Ordinarily, Wang and her husband would be among the tide of migrant workers braving packed trains to return home.

But the government, worried about the spread of infections during the annual rush, has urged people not to travel this year, appealing to their sense of civic duty.

At the same time, railway schedules have been slashed and village authorities ordered to monitor the health of those returning home, with at least one virus test after arrival. Some villages have even gone into lockdown.

Wang Haiyang, 58, a construction worker who chose to stay in Beijing, was concerned about catching the virus on his way back to Liaoning province in the far northeast.

"There's no virus in my hometown, so I'm afraid I might bring it back," said Wang, who had a virtual reunion with his family through a video call instead.

Those determined to get home face costly train tickets amid reduced supply. Some will carpool. The desperate will resort to illegal buses.

Ties That Bind

For Wang, after the virus outbreak, family ties have become more important than ever.

In August, she left Guangdong to join her husband, Yang Nianlian, 33.

In the day, she worked odd jobs to try make ends meet, while he toiled 12-hour shifts as a security guard.

At the end of his shift, returning home, he would bathe his wife's feet in a pink plastic basin, in an unbreakable ritual.

They would then take turns washing each other's hair in the narrow courtyard of their brick compound shared with a few other families, enjoying their fleeting moments together, until the new year reunion with their daughter.

Struck by nostalgia this year, Wang had thought of steaming a pig's head, a traditional dish in her village, on the eve of Lunar New Year.

But unable to find a vessel big enough, she fell back on hot pot - a spicy staple in Hubei cuisine - of salted chicken, pepper and some duck leg.

Yang recalled the questions his daughter would bombard him with: Was it tiring in Beijing? What did you do the whole year?

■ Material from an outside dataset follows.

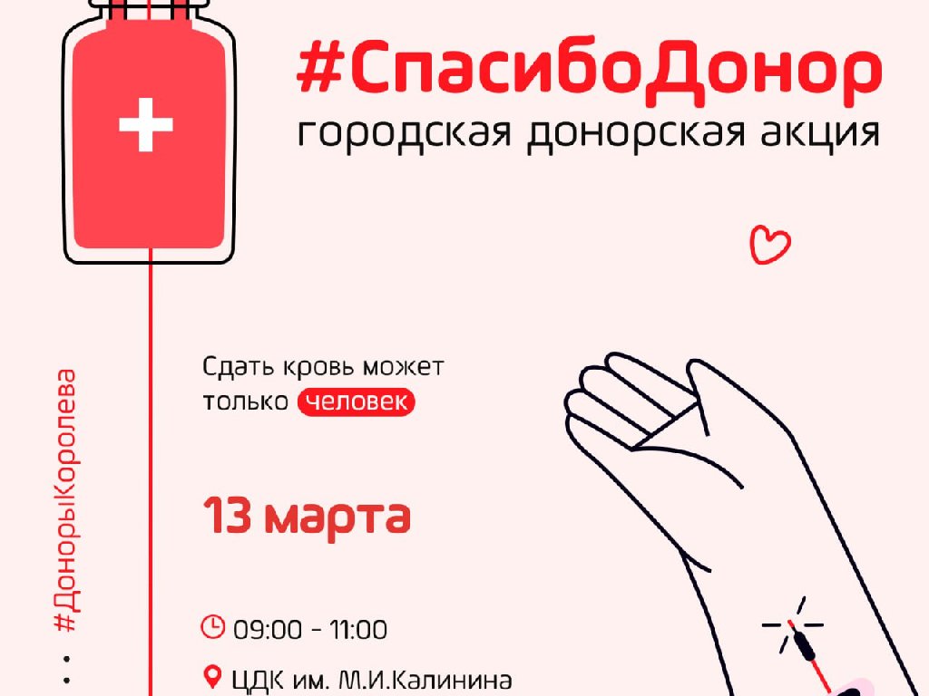 13 марта с 9:00 до 11: 00 в ЦДК им. М.И. Калинина пройдёт донорская акция #СпасибоДонор

What did you eat?

"Each time I'm back home, she'd run around, curious about every detail of my work in Beijing, and would tell me not to tire myself too much," he said.

On Thursday, the couple made a WeChat video call home.

Their nine-year-old daughter, racing through her midday meal, raised a glass of water in a silent toast to her parents.

All too familiar with the pangs of absence, Yang was overcome with emotion.

His grandparents had cared for Yang in his youth when his parents worked away from home, just as his wife's parents now look after his daughter.

"A dream of mine is to work hard in the city and earn as much money as I can, for my family, for my child," a teary-eyed Yang said, his arm draped over his wife's shoulder, as if searching for her support.

"But today I feel like I've let them down somehow."